The pros and cons of WANNA-BEn
What does it take to do some of the most interesting jobs on the planet? That's the premise behind WANNA-BEn, the new show featuring Ben Boyce - the dreadlocked half of the hosting team on Pulp Sport - as he figures out what's involved in a variety of high-profile jobs, then gets some help from established stars and has a crack at it for himself.
Friday's episode (10pm, TV3) revolved around Ben's efforts to become a pop star, tracking him as he chatted to former Spice Girl Mel B and chart topper Ke$ha, and while it wasn't the biggest thing to happen on NZ television over the weekend (tune in for my take on the Paul Henry fiasco tomorrow) it certainly generated some hype with media outlets and viewers alike. The question is whether it lived up to expectations.
If you ask me, there was plenty to like about WANNA-BEn.
Let me be clear: I think the premise of the show is good, and on paper it seems like the kind of show that should be thoroughly entertaining. It certainly had some good points: the interviews with Mel B and Ke$ha were great, and gave an insight into the stars that you wouldn't normally get from music journos. I also liked that Ben was fearless with his questioning and discussion - a lot of interviewers, "comedian" or otherwise, would have been too embarrassed to literally brush their teeth with a tiny bottle of Jack Daniels in front of Ke$ha, in a parody of the singer's hit Tik Tok.
I think the Pulp Sport style of comedy is pretty good too, with the substance of the show (the interviews) broken up by comedic sketches, silly dream sequences, and Candid Camera-style pieces. The problem with Friday's episode was that these scenes were hit-and-miss comedy-wise, and too many were squeezed into the half-hour show.
For example, the interview with Mel B was split into three parts and surrounded by a stack of sketches: Ben dressed as an avatar and trying to connect his ponytail to random people in the street; Jesus facing off against The Beatles to see who is more popular; a Girl Guides sketch which I found to be in pretty poor taste; and a bunch of others that dragged my attention off in too many directions and took the focus off the real point of the show.
The whole show ended up feeling like some comic version of Discovery's Dirty Jobs with Mike Rowe, only written for hyperactive people.
The sketches also committed two other crimes in my book.
First, some sketches were completely unrelated to the theme of the show. Take the avatar sketch, which came about because Mel B said the Spice Girls manager played an important role in the group's success, and involved Th' Dudes singer Peter Urlich telling a blue-painted Ben what to do. What on earth does this have to do with anything?
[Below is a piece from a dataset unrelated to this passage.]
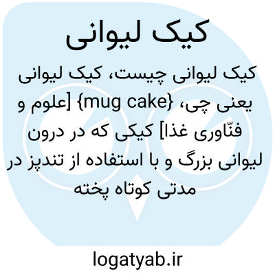 {mug cake} [علوم و فنّاوری غذا] کیکی که در درون لیوانی بزرگ و با استفاده از تندپز در مدتی کوتاه پخته می شود

At best there is only a loose connection between controlling someone and managing them.
Second, the sketches made far too much use of B-, C- and D-grade celebrities - from The Edge morning show hosts JJ, Mike and Dom parodying Simon, Paula and Randy on Plop Idol (another barely related sketch), to Ginette McDonald showing as Ben's fictional mum (the first time I can recall seeing her on TV since the horrible Lynn of Tawa was mercifully killed off), it seemed like every quasi-famous, semi-famous or formerly-famous person showed up at some point.
At the rate they're going, I might end up starring in an episode.
So to sum up my take on WANNA-BEn: it's a really good idea and benefits from the comedy style of related show Pulp Sport, but it has a few problems with execution and needs to stick to its chosen theme for the week. Also, I'm fully available to star in an episode if need be ... Ben, call me.
What did you think of WANNA-BEn? Do you like the idea of the show? Are you planning to watch each week?